Editorial von Ralf Fücks
Liebe Leserin, lieber Leser,im Vergleich zu den meisten hochindustrialisierten Gesellschaften hängt das Hochschulsystem der Bundesrepublik hinterher. Obwohl in Deutschland verhältnismäßig weniger junge Menschen studieren als etwa in Skandinavien, sind die Hochschulen den Anforderungen nicht gewachsen. Sie bieten zu wenig Orientierung, die Lehre ist vielerorts notleidend, das akademische Qualitätsmanagement steckt in den Kinderschuhen. Unser Hochschulwesen ist gleichzeitig überbürokratisiert und unterfinanziert. Trotz steigender Mittel für Bildung, Wissenschaft und Forschung in den Jahren der rot-grünen Koalition liegt die Bundesrepublik unter dem Durchschnitt der öffentlichen Bildungsausgaben der OECD-Staaten. Das geht im Rahmen des deutschen Bildungsföderalismus vor allem auf das Konto der Bundesländer.

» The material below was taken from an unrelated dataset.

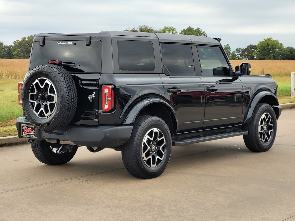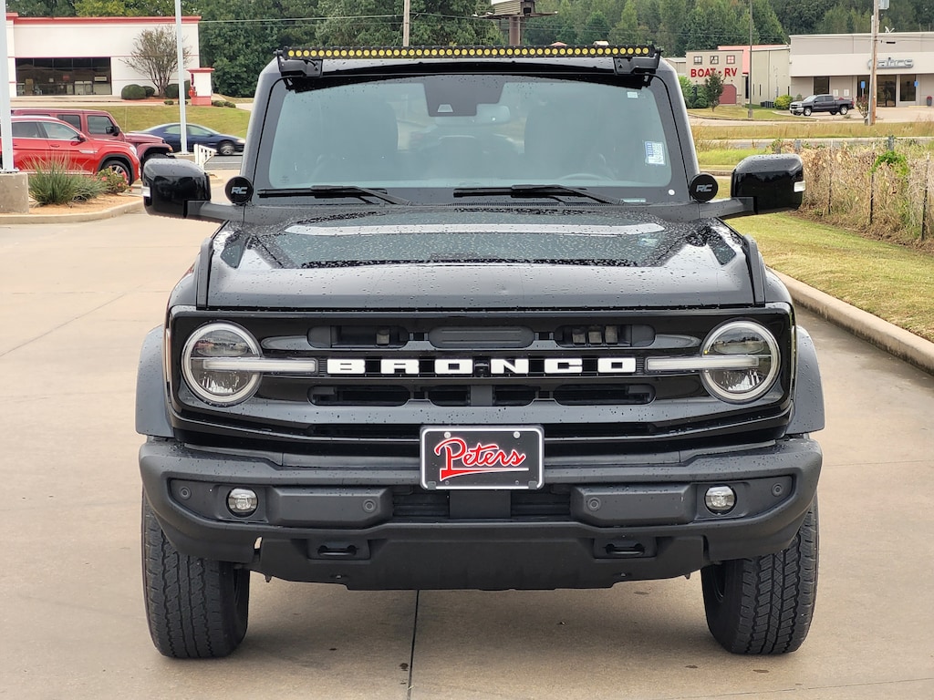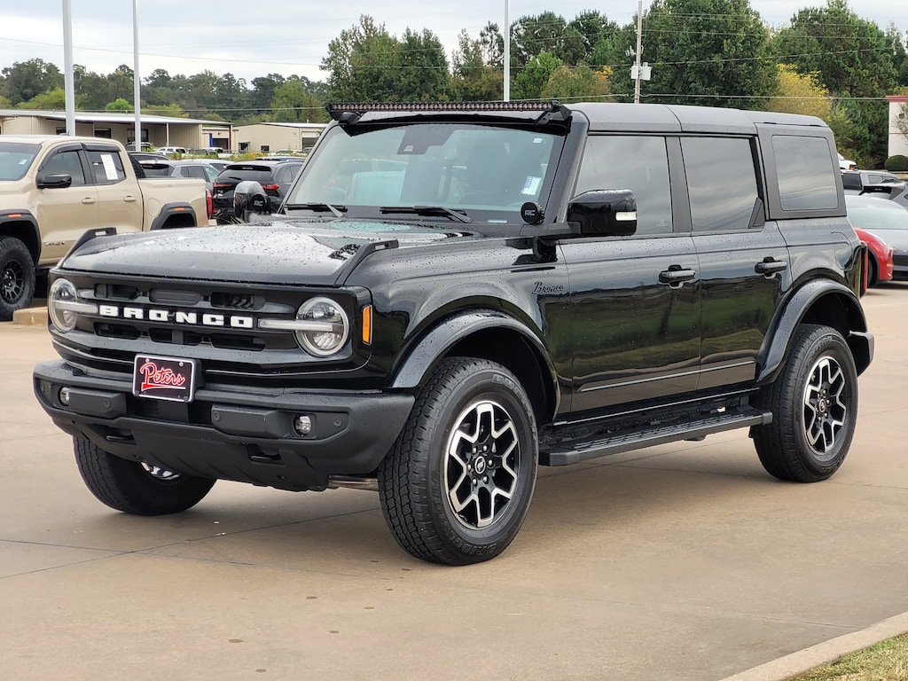 This 2024 Ford Bronco Outer Banks in Shadow Black comes with the following features: 2.3L EcoBoost I-4 10-Speed Automatic 4WD Equipment Group 314A High/Lux Package (10 Speakers w/Subwoofer, 360-Degree Camera, Adaptive Cruise Control, Additional Sound Deadening, Evasive Steering Assist, Front Parking Sensors, Heated Steering Wheel, Information on Demand Panel, Radio: B&O Sound System by Bang & Olufsen, Sideview Mirrors, Universal Garage Door Opener, and Wireless Charging Pad), 18" Bright Machined Aluminum Wheels, 3.73 Axle Ratio, 4-Wheel Disc Brakes, 7 Speakers, ABS brakes, Air Conditioning, Alloy wheels, AM/FM radio: SiriusXM with 360L, AM/FM Stereo, Auto High-beam Headlights, Auto-dimming Rear-View mirror, Automatic temperature control, Auxiliary Switches, Brake assist, Carbonized Gray Molded-In-Color Hard Top, Compass, Connected Navigation, Delay-off headlights, Driver door bin, Driver vanity mirror, Dual front impact airbags, Dual front side impact airbags, Electronic Stability Control, Emergency communication system: 911 Assist, Exterior Parking Camera Rear, Front anti-roll bar, Front Bucket Seats, Front Center Armrest, Front dual zone A/C, Front fog lights, Front License Plate Bracket, Front reading lights, Front Row Top Panels Storage Bag, Front wheel independent suspension, Fully automatic headlights, Hard Top Sound Deadening Headliner, Heated door mirrors, Heated front seats, Heated Leather-Trimmed/Vinyl Bucket Seats, Illuminated entry, Integrated roll-over protection, Leather Shift Knob, Low tire pressure warning, Navigation system: Connected Navigation, Occupant sensing airbag, Outside temperature display, Overhead airbag, Overhead console, Panic alarm, Passenger door bin, Passenger vanity mirror, Power door mirrors, Power driver seat, Power passenger seat, Power steering, Power windows, Radio data system, Rear seat center armrest, Rear-Window Defroster & Washer, Remote keyless entry, Security system, SiriusXM Radio w/360L, Speed control, Split folding rear seat, Steering wheel mounted audio controls, SYNC 4, Tachometer, Telescoping steering wheel, Tilt steering wheel, Traction control, Trip computer, Variably intermittent wipers, and Voltmeter.

Die öffentlichen Haushalte sind insgesamt aus den Fugen geraten: Die Ausgaben für Schulden, Pensionen und Renten übersteigen die Investitionen zur Zukunftssicherung. Man kann darin ein Muster des heraufziehenden Generationenkonflikts sehen. Dabei hängt auch der Lebensstandard der älteren Generationen von der Innovationsfähigkeit unserer Gesellschaft ab. Die Fundamente für den künftigen Wohlstand werden im Bildungssystem gelegt. Zugleich ist Bildung der Schlüssel für soziale Teilhabe und Chancengerechtigkeit. Wir wollen deshalb, dass der Zugang zu den Hochschulen möglichst weit offen steht. Studiengebühren schränken den Zugang zu wissenschaftlicher Bildung ein. Auch das BAföGSystem ist nicht mehr zeitgemäß. Wir stellen hier Alternativen zur Debatte und hoffen auf eine lebhafte Resonanz.